Traditional Culture Encyclopedia - Traditional festivals - What does the hip flask in Beijing Opera stand for?

What does the hip flask in Beijing Opera stand for?

In Beijing Opera, the hip flask represents the heart-turning kettle, which was used by the ancients to cheat or drink for fun.

The heart-turning pot comes from the forty-first time in the classic "Three Heroes and Five Righteousness": it is a silver hip flask carved with foreign gold. It is slightly thicker than a regular hip flask, but it has two holes at the bottom. When I opened the lid, I saw a diaphragm bucket in the middle.

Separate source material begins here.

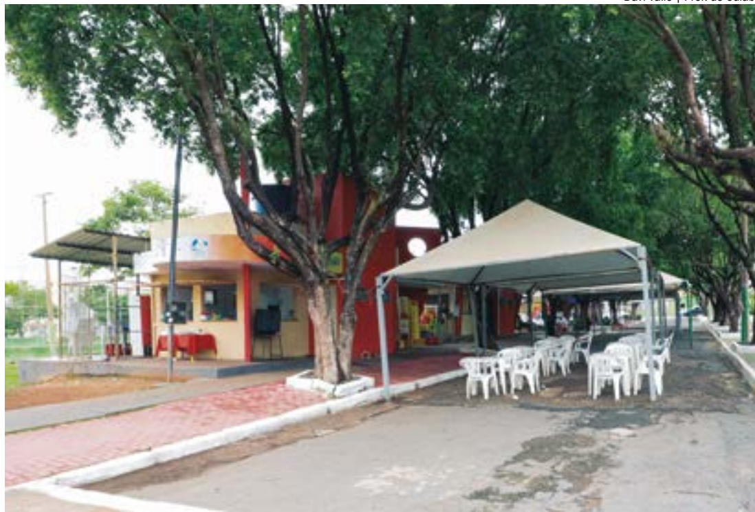
A licitação ocorrerá por meio da modalidade pregão eletrônico, onde a negociação ocorre somente pela internet

Another opera, Zhuan Xin Hu, adapted from the story of Zhuan Xin Hu in the classic novel Three Heroes and Five Righteousness, has this track in Beijing Opera, Henan Opera, Huangmei Opera and other operas.

Extended data:

As China's first martial arts work in the true sense, Three Heroes and Five Righteousness has had a far-reaching impact on modern storytelling, martial arts novels and even literature and art in China, and it can be called the originator of martial arts novels, thus setting off the climax of various martial arts literature works.

The chivalrous case-solving story in Three Heroes and Five Righteousness is complex and clear, and its language is popular, which has become the source of various operas, such as Beijing Opera Luan Jia, Welcome to the Queen, and Chen Zhou Food Release.